During our review of cash disbursements subsequent to year end, we identified seven subsequent disbursements totaling $1,212,182 which pertained to fiscal year 2010, but which were not properly identified by the University. Four of these subsequent disbursements totaling $1,180,130 were not identified because the University’s review of these transactions did not include a review of the shipping documents and any applicable shipping terms. (Finding 3, Pages 10-11)
We recommended that the University review its current process to assess the completeness of its accounts payable at year end and consider changes necessary to ensure all period end accounts payable are accurately identified and recorded. Such procedures should include a determination of when the underlying goods or services were received including a review of shipping documentation and any applicable shipping terms.
University officials accepted the recommendation and stated that they will take the necessary corrective action.
The remaining finding is reportedly being given attention by the University.

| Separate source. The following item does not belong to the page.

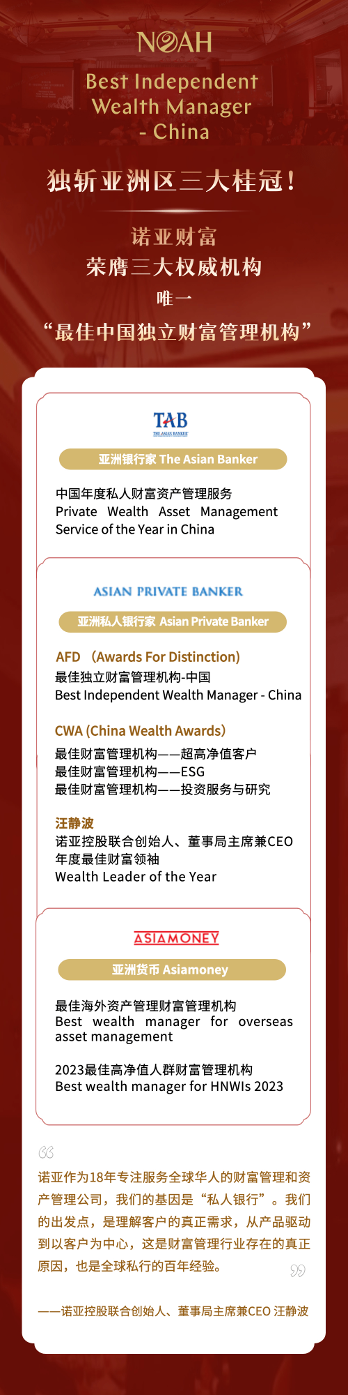 《亞洲貨幣》、《亞洲私人銀行家》、《亞洲銀行家》均為亞洲金融領(lǐng)域具有廣泛影響力的權(quán)威評選機(jī)構(gòu),扎針對亞洲迅速發(fā)展的私人銀行、家族辦公室和財(cái)富管理行業(yè),提供獨(dú)立、權(quán)威、不可或缺的資訊和評論。多項(xiàng)大獎被業(yè)內(nèi)譽(yù)為奧斯卡級的獎項(xiàng),主要為表彰機(jī)構(gòu)過去一年在資產(chǎn)管理和財(cái)富管理領(lǐng)域的卓越表現(xiàn),此次獲獎,一方面是權(quán)威機(jī)構(gòu)對諾亞財(cái)富在投研能力、資產(chǎn)管理規(guī)模、客戶增長、ESG等關(guān)鍵數(shù)據(jù)指標(biāo)表現(xiàn)的肯定;另一方面也彰顯了諾亞財(cái)富在中國市場日漸崛起的行業(yè)規(guī)模以及品牌發(fā)展歷程上來自客戶及合作伙伴的信任。體現(xiàn)了諾亞在財(cái)富管理行業(yè)的地位,也是國際專業(yè)機(jī)構(gòu)對諾亞持續(xù)不斷創(chuàng)新轉(zhuǎn)型、破局變革、提供優(yōu)質(zhì)產(chǎn)品和專業(yè)服務(wù)的認(rèn)可和肯定。據(jù)了解,由國際權(quán)威財(cái)經(jīng)雜志《亞洲銀行家》舉辦的系列獎項(xiàng)計(jì)劃是目前全球最嚴(yán)格、最具聲望和最透明的金融服務(wù)獎項(xiàng)之一,其評選建立在公開公正、透明中立的基礎(chǔ)上,經(jīng)由亞洲銀行家國際研究團(tuán)隊(duì)和評審顧問團(tuán)評估調(diào)查、訪談評選而出。此次評選覆蓋了國際范圍內(nèi)超過30多個國家200余家金融機(jī)構(gòu)。

We will review the University’s progress towards the implementation of our recommendations in our next engagement.
Our auditors state the June 30, 2010 financial statements are fairly presented in all material respects.
WILLIAM G. HOLLAND
SPECIAL ASSISTANT AUDITORS
KPMG were our special assistant auditors.
#1 –Inadequate Controls Over User Access to Information Systems – Previous University Response
Accepted. The University’s highly distributed operating environment involves several thousand system users, in hundreds of departments across three campuses. These users are engaged in a variety of business and administrative functions necessary to perform the mission of the University. In connection with the implementation of the integrated information systems (Banner Systems) several years ago, certain system level controls and other processes were put in place to restrict accounts/funds accessible for users to post journal entries and also limit the ability of users to perform many other types of transactions. The University believes that many of these controls have been effective, but does agree that improvement to the user access control environment is needed and will be beneficial.
Since mid fiscal-year 2009, the University has been actively developing new policies and procedures to improve the controls over user access to information systems. Included in these improvements are new policies and procedures addressing controls over the set-up/maintenance of appropriate user access profiles and processes to be followed by unit security contacts (USCs). The improved USC controls include formally documented periodic reviews of user access, as well as training and other enhancements. The University’s target date for implementation is June 30, 2010. Staff has been increased and realigned in this area in preparation of implementation. The University plans to develop further user access controls enhancements, and implement the new policies and procedures noted above, to address the recommendations in this finding.